__TASK TO COMPLETE__: Give back an exact repetition of the material below, from its first line through the line that contains "The screen is", both included, minus the pictures.

+++ DATA FOR ANALYSIS

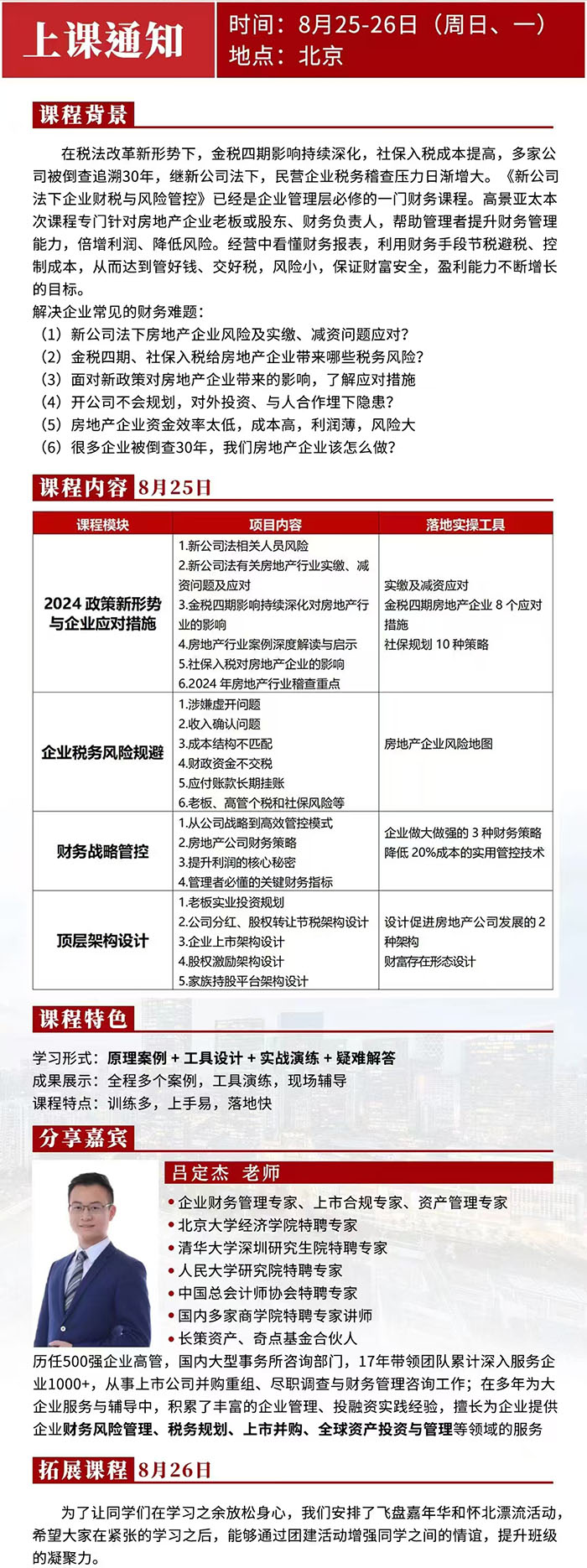 标杆地产EMBA高级研修班8月25、26日解决企业常见的财务难题-吕定杰老师
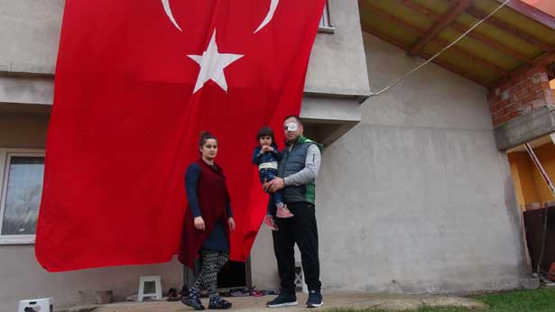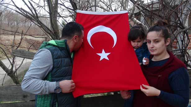ocağı Türk bayraklarıyla donatılanGaziErdemYurt, 4 yıllık eşiBetül(22), 2,5 yaşındaki kızıEbrar
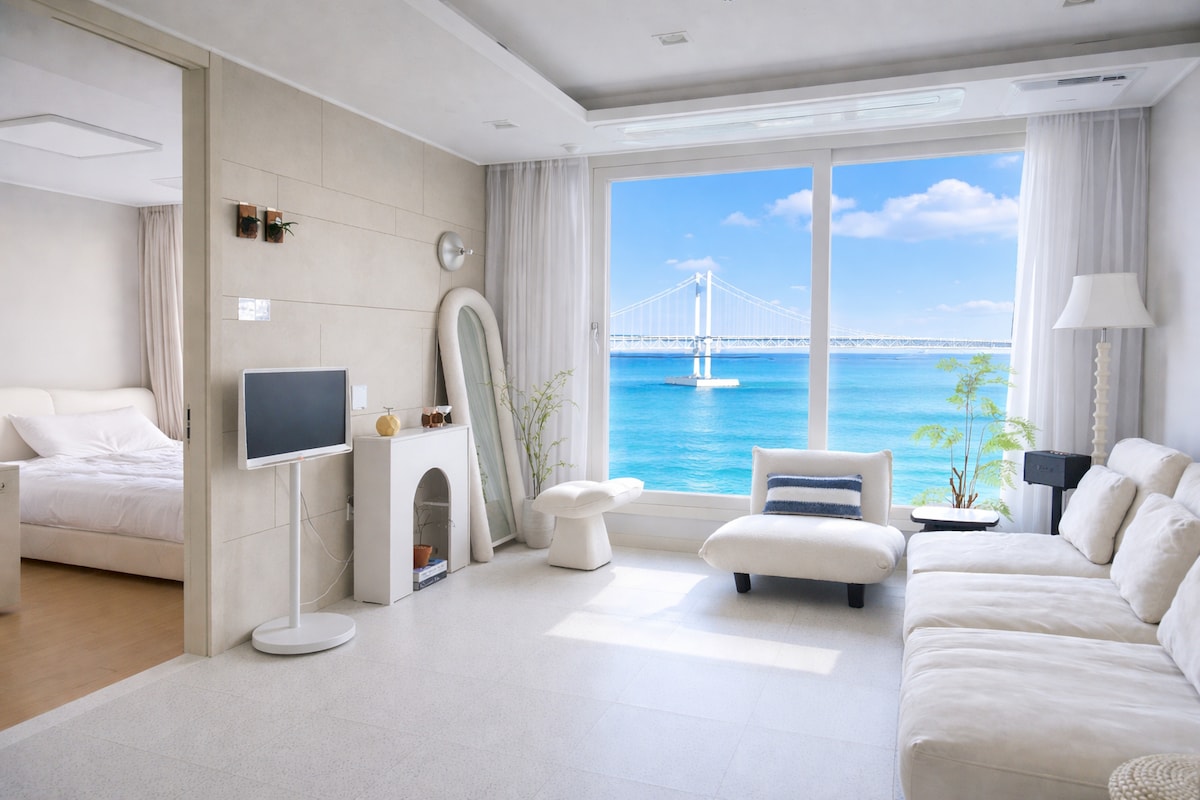 🏖 Gwangang MOODRIAN Full Ocean View that completes the premium lifestyle Gwangalli Moodrian, located on Gwangalli Beach in Busan, A dignified space suitable for all family, lovers, and friends, The dynamic panorama of Gwangan Bridge unfolding before your eyes This is a 𝗙𝘂𝗹𝗹 𝗢𝗰𝗲𝗮𝗻 𝗩𝗶𝗲𝘩 accommodation that can be viewed from the front of the bedroom and living room. 🏝 Ocean view · City view · Gwangan Bridge view on one screen Rare new apartment in Gwangalli & spacious layout with a two-room structure of 20 pyeong Home-like comfort completed with premium amenities and thoughtful care 🏡 Adding luxury amenities to a modern and stable interior, We offer the best comfort from short stays to long stays. The host's careful management always keeps the place clean and tidy. Comfort is like a hotel, Closer to your heart 😊 Small moments in Mudrian I hope it will be a pretty memory 💛
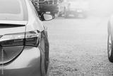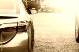 ฺBlack side of Yellow-green cars parked on the ground. or Taxi for transportation business at upcountry.
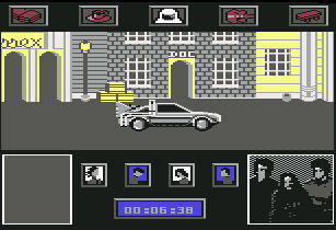 The screen is divided into three parts. In the upper bar there are five icons with symbols of items that you can use in the course of the game. If you stand in front of an item, the icon gets yellow, if you have one of those items, the icon will turn white. In the lower third there is an image of Marty on the left side and one of him and his two sisters on the right side. Depending on the development in the game, the images dissolve slowly or start to rebuild. In the middle there are smaller images of the other characters in the game; Dr. Emmet „Doc“ Brown, George McFly, Lorraine Baines McFly and Biff Tannen. If these characters are near Marty, the corresponding image gets white. When they are "on the right track" the image gets green. The game itself takes part between those two information bars. Here you steer Marty through the street and into five buildings. While the street scrolls fluently, the buildings are each only one room the size of a screen.
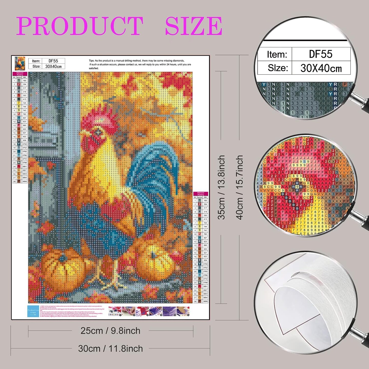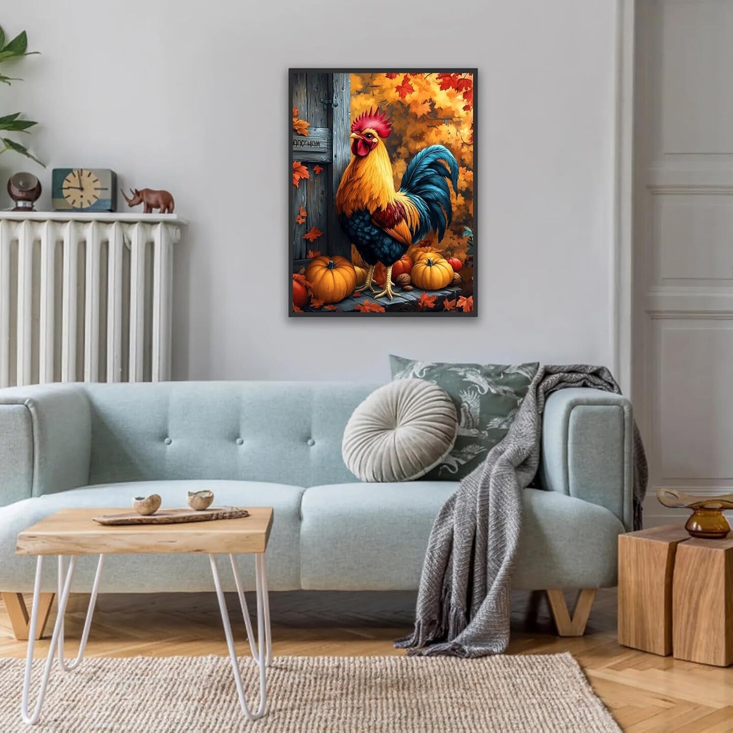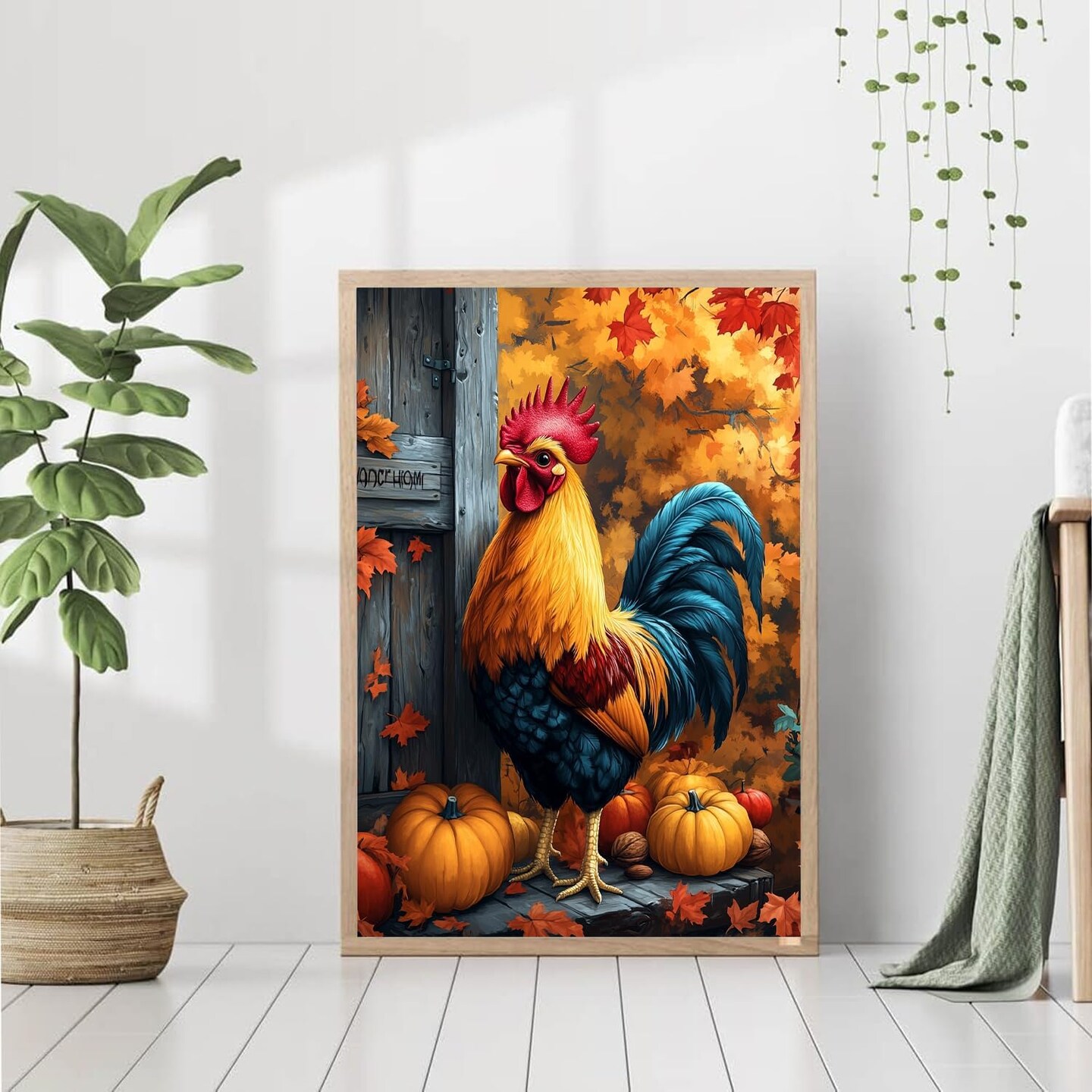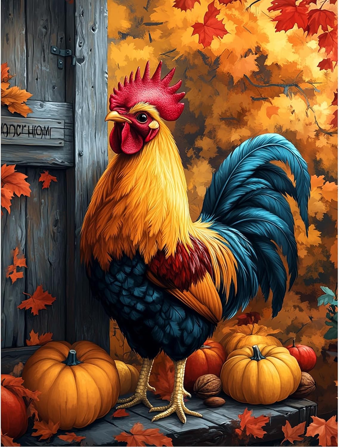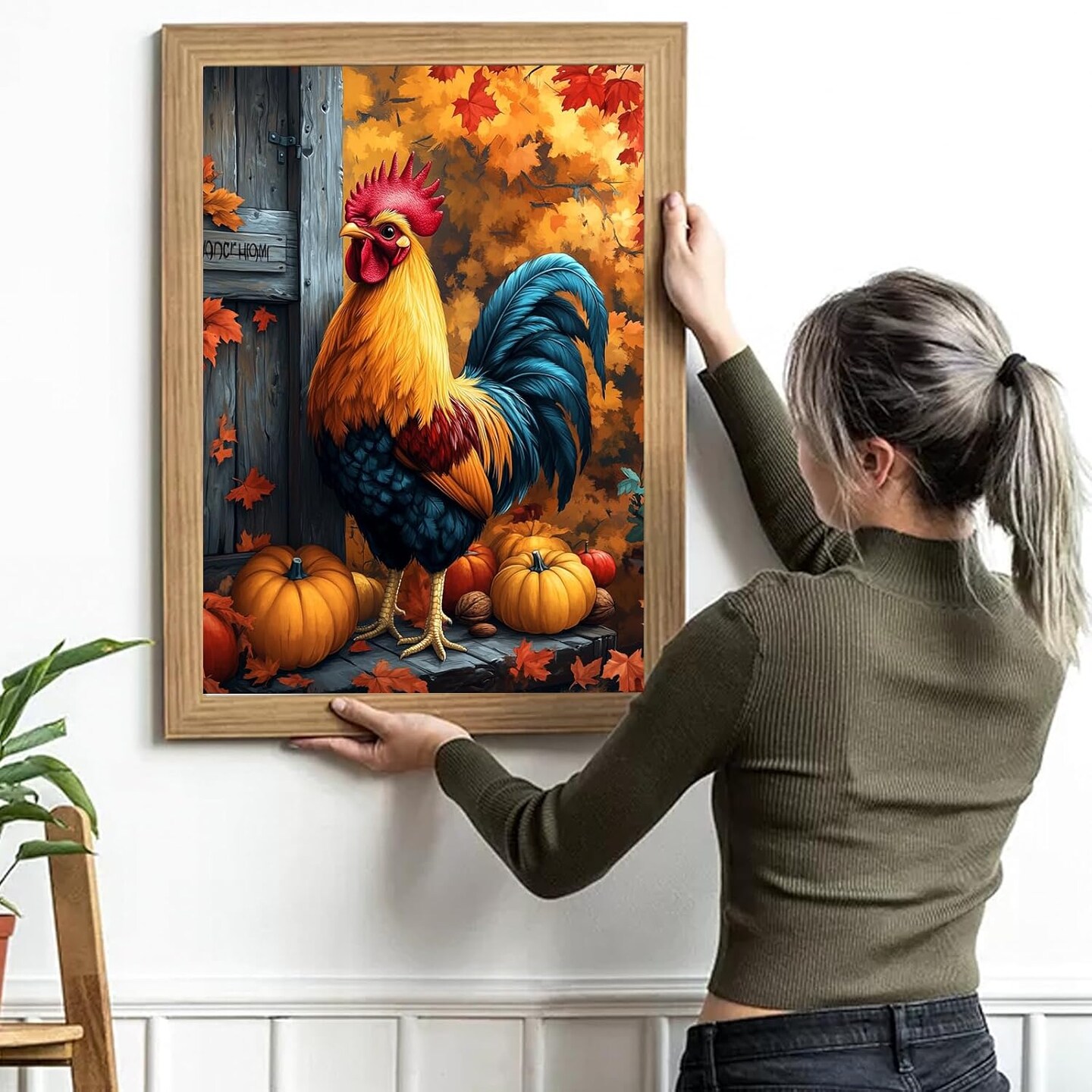 5D Diamond Painting Kits for Adults, Rooster Diamond Art Fall Kit for Beginners, Full Round Drills Pumpkin Chicken Diamond Dots on Canvas Painting by Diamonds for Wall Decor 12 x 16 Inches

++++++

__RESPONSE BELOW__:
 标杆地产EMBA高级研修班8月25、26日解决企业常见的财务难题-吕定杰老师
ocağı Türk bayraklarıyla donatılanGaziErdemYurt, 4 yıllık eşiBetül(22), 2,5 yaşındaki kızıEbrar
 🏖 Gwangang MOODRIAN Full Ocean View that completes the premium lifestyle Gwangalli Moodrian, located on Gwangalli Beach in Busan, A dignified space suitable for all family, lovers, and friends, The dynamic panorama of Gwangan Bridge unfolding before your eyes This is a 𝗙𝘂𝗹𝗹 𝗢𝗰𝗲𝗮𝗻 𝗩𝗶𝗲𝘩 accommodation that can be viewed from the front of the bedroom and living room. 🏝 Ocean view · City view · Gwangan Bridge view on one screen Rare new apartment in Gwangalli & spacious layout with a two-room structure of 20 pyeong Home-like comfort completed with premium amenities and thoughtful care 🏡 Adding luxury amenities to a modern and stable interior, We offer the best comfort from short stays to long stays. The host's careful management always keeps the place clean and tidy. Comfort is like a hotel, Closer to your heart 😊 Small moments in Mudrian I hope it will be a pretty memory 💛
 ฺBlack side of Yellow-green cars parked on the ground. or Taxi for transportation business at upcountry.
 The screen is divided into three parts. In the upper bar there are five icons with symbols of items that you can use in the course of the game. If you stand in front of an item, the icon gets yellow, if you have one of those items, the icon will turn white. In the lower third there is an image of Marty on the left side and one of him and his two sisters on the right side. Depending on the development in the game, the images dissolve slowly or start to rebuild. In the middle there are smaller images of the other characters in the game; Dr. Emmet „Doc“ Brown, George McFly, Lorraine Baines McFly and Biff Tannen. If these characters are near Marty, the corresponding image gets white. When they are "on the right track" the image gets green. The game itself takes part between those two information bars. Here you steer Marty through the street and into five buildings. While the street scrolls fluently, the buildings are each only one room the size of a screen.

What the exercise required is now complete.